# Was Ilúvatar upset at anytime with the evil thoughts and meanings from MELKOR?



## fëanáro (Jan 25, 2002)

I have no idea, i would have to read the first chapters of the Silmarillion very closely to make sure.
but i want to make my point of view out of yours. instead.


----------



## Tyaronumen (Jan 25, 2002)

Melkor is a cog in the wheel of Iluvatar. He is not even a separate entity from Iluvatar as far as my interpretation is concerned... My interpretation would be that everything is Iluvatar and thus cannot controvert His will.


----------



## Beleg Strongbow (Jan 25, 2002)

> _Originally posted by fëanáro _
> *I have no idea, i would have to read the first chapters of the Silmarillion very closely to make sure.
> but i want to make my point of view out of yours. instead. *




I'm not to sure either but he wouldn't like what Melkor did. Remember Manwe was sort of like the herald of Iluvatar and he new his mind best did he not despise him then show pity? 
P.S Isn't god always supposed to love everyone and forgive them? hehehe


----------



## Snaga (Jan 25, 2002)

The answer is yes - see Ainulindale. Not sure I go with either of your yes options. Too simplistic for me. I don't really understand but Iluvatar gets very angry with Melkor for challenging his themes, but it doesn't make sense to me yet. Noone has given me a really good explanation of this yet.

I'll have to abstain.


----------



## Tyaronumen (Jan 25, 2002)

Good point about Eru seeming angry Variag... maybe he was just acting?


----------



## fëanáro (Jan 26, 2002)

So is there anyone who can be really sure about this?


----------



## Feanor (Jan 26, 2002)

>Melkor is a cog in the wheel of Iluvatar. He is not even a separate entity from Iluvatar as far as my interpretation is concerned... My interpretation would be that everything is Iluvatar and thus cannot controvert His will. 

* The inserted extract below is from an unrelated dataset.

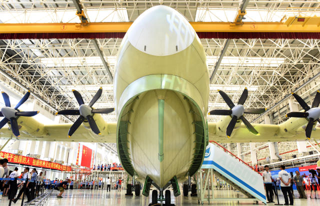 2016年7月23日,大型滅火/水上救援水陸兩棲飛機AG600在廣東珠海總裝下線。(新華社記者 盧漢欣攝)

I guess that throws free will right out the window. Free will, the one explanation and feeble defense you have for the existence of evil. 
Look, either you say there's evil bc of the gift of free will and therefore everything is NOT Eru and DOES controvert his will OR

There is no free will, and Eru uses evil in his designs- in which case I'm better off without him.

A third option is that there is some other reason above all this which we cannot fathom- in that case it is useless to discuss since we cannot know the answer. 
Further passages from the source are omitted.